Exercise: Determine how many lines in the records hold the word "сделать". Return the number alone.
**** Task data
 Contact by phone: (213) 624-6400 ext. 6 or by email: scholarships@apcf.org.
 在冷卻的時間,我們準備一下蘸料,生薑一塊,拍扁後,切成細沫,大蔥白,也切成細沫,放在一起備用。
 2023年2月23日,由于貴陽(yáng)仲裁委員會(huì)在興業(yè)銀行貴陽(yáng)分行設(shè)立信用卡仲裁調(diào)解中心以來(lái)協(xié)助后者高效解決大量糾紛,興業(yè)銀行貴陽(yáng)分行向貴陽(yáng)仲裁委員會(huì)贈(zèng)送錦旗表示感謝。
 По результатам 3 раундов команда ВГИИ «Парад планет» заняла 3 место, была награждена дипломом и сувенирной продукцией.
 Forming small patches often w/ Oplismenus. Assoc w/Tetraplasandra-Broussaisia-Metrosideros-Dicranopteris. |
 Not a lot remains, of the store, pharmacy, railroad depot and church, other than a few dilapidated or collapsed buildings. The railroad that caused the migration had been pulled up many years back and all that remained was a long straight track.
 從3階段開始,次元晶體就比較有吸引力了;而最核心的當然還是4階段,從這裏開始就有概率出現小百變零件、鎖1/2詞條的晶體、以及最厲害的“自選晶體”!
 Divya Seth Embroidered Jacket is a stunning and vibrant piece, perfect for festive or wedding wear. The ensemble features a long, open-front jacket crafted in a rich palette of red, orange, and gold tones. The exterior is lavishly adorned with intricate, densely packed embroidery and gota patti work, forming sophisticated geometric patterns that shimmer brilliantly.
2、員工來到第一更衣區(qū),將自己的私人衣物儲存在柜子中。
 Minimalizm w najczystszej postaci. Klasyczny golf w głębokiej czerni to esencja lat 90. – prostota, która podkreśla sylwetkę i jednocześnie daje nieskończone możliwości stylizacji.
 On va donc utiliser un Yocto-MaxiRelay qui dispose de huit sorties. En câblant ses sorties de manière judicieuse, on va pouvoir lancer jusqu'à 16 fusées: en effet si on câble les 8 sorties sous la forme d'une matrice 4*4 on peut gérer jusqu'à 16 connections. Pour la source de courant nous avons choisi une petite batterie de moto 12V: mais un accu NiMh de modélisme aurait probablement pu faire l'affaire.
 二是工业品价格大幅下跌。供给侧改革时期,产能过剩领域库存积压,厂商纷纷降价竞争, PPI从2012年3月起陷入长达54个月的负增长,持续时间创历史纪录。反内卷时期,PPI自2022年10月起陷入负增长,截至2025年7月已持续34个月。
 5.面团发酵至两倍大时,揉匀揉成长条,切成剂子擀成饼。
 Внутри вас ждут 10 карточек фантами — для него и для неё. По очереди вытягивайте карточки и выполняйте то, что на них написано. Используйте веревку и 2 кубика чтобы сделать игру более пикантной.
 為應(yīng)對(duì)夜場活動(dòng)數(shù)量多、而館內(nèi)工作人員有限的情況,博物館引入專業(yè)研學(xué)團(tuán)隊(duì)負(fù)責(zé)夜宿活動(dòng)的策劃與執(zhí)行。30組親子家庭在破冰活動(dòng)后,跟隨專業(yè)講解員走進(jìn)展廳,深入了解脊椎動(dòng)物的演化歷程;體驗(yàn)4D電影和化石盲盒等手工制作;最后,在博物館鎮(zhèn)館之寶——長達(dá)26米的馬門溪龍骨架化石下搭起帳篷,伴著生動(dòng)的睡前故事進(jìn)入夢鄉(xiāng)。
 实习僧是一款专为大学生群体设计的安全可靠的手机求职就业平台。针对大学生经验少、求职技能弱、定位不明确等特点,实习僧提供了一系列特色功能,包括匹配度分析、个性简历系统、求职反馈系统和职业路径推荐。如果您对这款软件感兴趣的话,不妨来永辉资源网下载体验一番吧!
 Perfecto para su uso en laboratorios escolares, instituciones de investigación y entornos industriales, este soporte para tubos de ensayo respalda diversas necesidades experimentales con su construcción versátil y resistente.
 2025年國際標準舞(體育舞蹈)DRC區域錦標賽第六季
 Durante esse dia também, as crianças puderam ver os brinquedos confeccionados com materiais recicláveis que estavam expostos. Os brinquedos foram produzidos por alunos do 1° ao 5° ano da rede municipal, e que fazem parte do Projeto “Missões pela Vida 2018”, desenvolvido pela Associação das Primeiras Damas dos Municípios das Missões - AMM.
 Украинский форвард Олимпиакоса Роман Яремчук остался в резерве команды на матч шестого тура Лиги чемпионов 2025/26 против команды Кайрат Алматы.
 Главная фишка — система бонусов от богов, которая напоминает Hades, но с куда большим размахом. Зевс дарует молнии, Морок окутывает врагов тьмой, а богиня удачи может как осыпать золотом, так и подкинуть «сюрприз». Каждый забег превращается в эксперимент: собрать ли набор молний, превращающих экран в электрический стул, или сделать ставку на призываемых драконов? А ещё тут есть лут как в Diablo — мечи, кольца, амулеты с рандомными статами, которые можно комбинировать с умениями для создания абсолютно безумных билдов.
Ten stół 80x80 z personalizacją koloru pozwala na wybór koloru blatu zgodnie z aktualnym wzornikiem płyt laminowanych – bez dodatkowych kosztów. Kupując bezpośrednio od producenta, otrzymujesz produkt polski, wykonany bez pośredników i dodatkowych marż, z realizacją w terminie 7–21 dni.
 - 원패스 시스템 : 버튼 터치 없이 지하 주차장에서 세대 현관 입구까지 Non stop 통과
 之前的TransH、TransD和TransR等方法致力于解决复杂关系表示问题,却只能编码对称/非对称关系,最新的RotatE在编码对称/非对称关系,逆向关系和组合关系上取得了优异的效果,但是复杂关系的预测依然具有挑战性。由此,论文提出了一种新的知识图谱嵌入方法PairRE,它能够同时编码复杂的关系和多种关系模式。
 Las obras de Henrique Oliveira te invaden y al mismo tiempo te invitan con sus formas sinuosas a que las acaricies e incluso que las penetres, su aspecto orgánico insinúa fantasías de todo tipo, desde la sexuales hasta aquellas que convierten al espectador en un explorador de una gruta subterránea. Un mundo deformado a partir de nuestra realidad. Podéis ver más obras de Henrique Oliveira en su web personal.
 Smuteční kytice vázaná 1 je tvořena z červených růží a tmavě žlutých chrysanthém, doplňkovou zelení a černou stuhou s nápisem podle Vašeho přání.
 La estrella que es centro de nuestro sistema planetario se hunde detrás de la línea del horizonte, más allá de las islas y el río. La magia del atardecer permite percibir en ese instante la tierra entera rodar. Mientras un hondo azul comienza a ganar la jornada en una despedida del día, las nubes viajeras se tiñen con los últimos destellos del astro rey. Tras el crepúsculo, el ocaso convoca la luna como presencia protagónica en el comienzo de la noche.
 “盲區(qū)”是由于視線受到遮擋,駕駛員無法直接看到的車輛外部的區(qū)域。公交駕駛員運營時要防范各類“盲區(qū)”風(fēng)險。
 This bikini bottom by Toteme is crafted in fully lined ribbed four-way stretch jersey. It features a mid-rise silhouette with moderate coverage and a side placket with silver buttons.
********
Answer below: 2